Engine creation causes Segfault with Jetson AGX Xavier

Description

Hello,

I’m having a new issue when trying to build an engine on a Jetson AGX Xavier. Precisely when i’m running the function that is supposed to create a context from an ONNX model :

TRTUniquePtr<nvinfer1::IBuilder> builder{nvinfer1::createInferBuilder(gLogger)}; //Create builder pointer
TRTUniquePtr<nvinfer1::INetworkDefinition> network{builder->createNetworkV2(explicitBatch)}; //Create Network pointer
TRTUniquePtr<nvonnxparser::IParser> parser{nvonnxparser::createParser(*network, gLogger)}; //Create parser for ONNX model
TRTUniquePtr<nvinfer1::IBuilderConfig> config{builder->createBuilderConfig()}; //Create config (depends on TensorRT version)

if (!parser->parseFromFile(model_path.c_str(), static_cast<int>(nvinfer1::ILogger::Severity::kINFO)))
{
    std::cerr << "ERROR: could not parse the model.\n";
    return;
}

// allow TensorRT to use up to 4GB of GPU memory for tactic selection.
config->setMaxWorkspaceSize(1ULL << 32);

// use FP16 mode if possible
if (builder->platformHasFastFp16())
{
    config->setFlag(nvinfer1::BuilderFlag::kFP16);
    std::cout << "Using FP16" << "\n";
}
engine.reset(builder->buildEngineWithConfig(*network, *config)); 
context.reset(engine->createExecutionContext()); 
 
TRTUniquePtr<nvinfer1::IHostMemory> engine_plan{engine->serialize()};
writeBuffer(engine_plan->data(), engine_plan->size(), enginePath);

The engine creation starts with some logs then display a warning and segfaults :

[W]onnx2trt_utils.cpp:364: Your ONNX model has been generated with INT64 weights, while TensorRT does not natively support INT64. Attempting to cast down to INT32.
Using FP16
[W]Detected invalid timing cache, setup a local cache instead
Segmentation fault (core dumped)

The thing is I also have this warning on my desktop computer and it works fine, I also use to have this warning on the same Jetson Xavier and it worked fine but since then the board was reflashed to have PLLAON as clock source (for some CAN issues) and I wonder if it could be related. And either way, how to solve it ?
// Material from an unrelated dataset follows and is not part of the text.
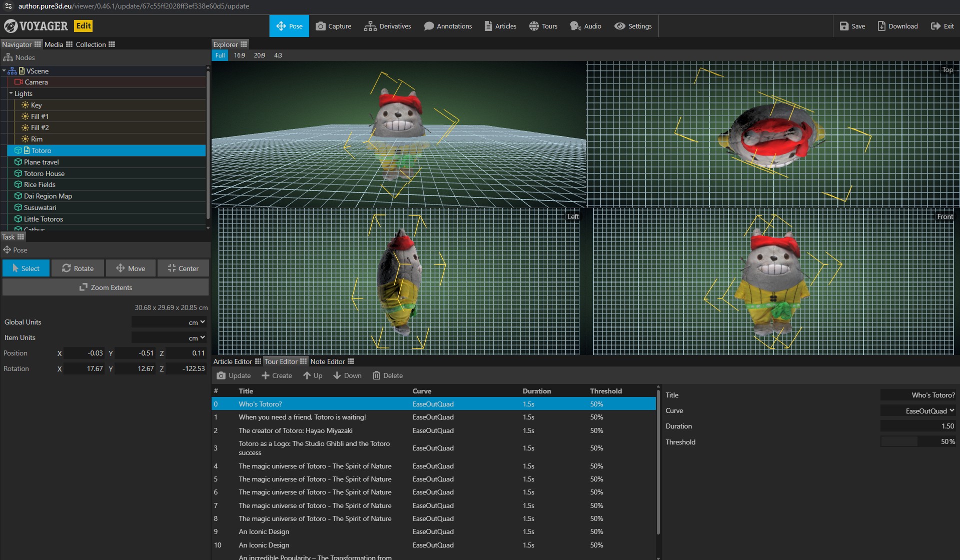 Creating the tours allowed us to combine almost all the functions available on Voyager into a single section. We experimented with Totoro’s positioning in space to offer different perspectives on the model, highlighting specific parts or annotations. Unlike the digitization process, this stage didn’t present unexpected challenges or difficulties, but it certainly required a lot of time and precision to ensure the tours were smooth, intuitive, and well-organized. We also worked to minimize frequent errors caused by small limitations in the layout of the articles.
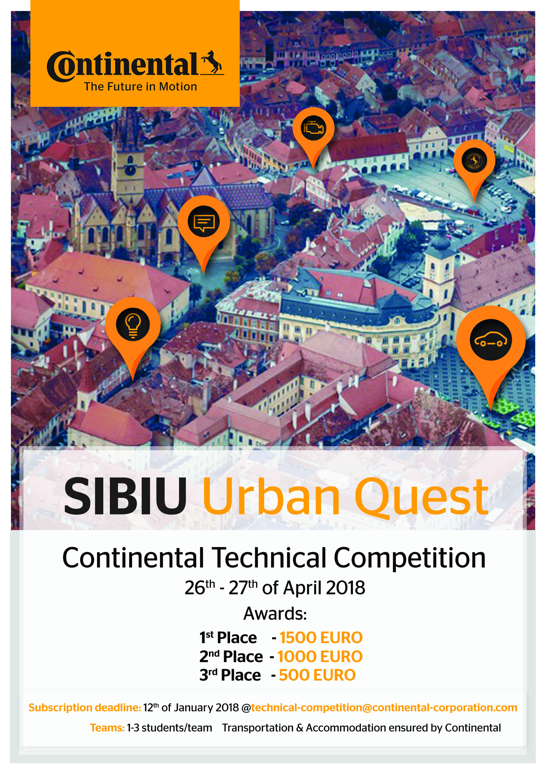 Continental Technical Competition - Sibiu Urban Quest va avea loc in 26 - 27 Aprilie 2018 la Sibiu.

[EDIT] As explained below it turns out the segfault was not related to TensorRT or the new clock source but simply to a stack memory limit

Environment

TensorRT Version: 8.0.1.6
GPU Type: Jetson AGX Xavier
Nvidia Driver Version:
CUDA Version: 10.2.300
CUDNN Version: 8.2.1.32
Operating System + Version: Ubuntu 18.04

Steps To Reproduce

Hi,

This looks like a Jetson issue. Please refer to the below samples in case useful.

For any further assistance, we will move this post to to Jetson related forum.

Thanks!

1 Like

Dear @rapha.lorenzolouis,
Did you check if the model is working with trtexec?
Is it possible to upgrade to Jetpack 5.0.1 and test?

Hello, thanks for the samples and the answer. It turns out it was an issue of stack memory limit elsewhere that caused the segfault.
It works fine now

Dear @rapha.lorenzolouis,
ok. So did you change stack memory limit using ulimit to fix the issue? Could you share how the issue was fixed to help others in community?

Hello,

I can’t share the full code but I kept the default stack size (which is quite low on the Tegra Xavier AGX) and rewrite a bit of code to use a pointer with memory properly allocated using malloc for a custom structure which must have been too large (also the declaration of this structure came after the TensorRT engine creation but caused the segfault while the create was going on, which led me to think it was related to this)

1 Like

This topic was automatically closed 14 days after the last reply. New replies are no longer allowed.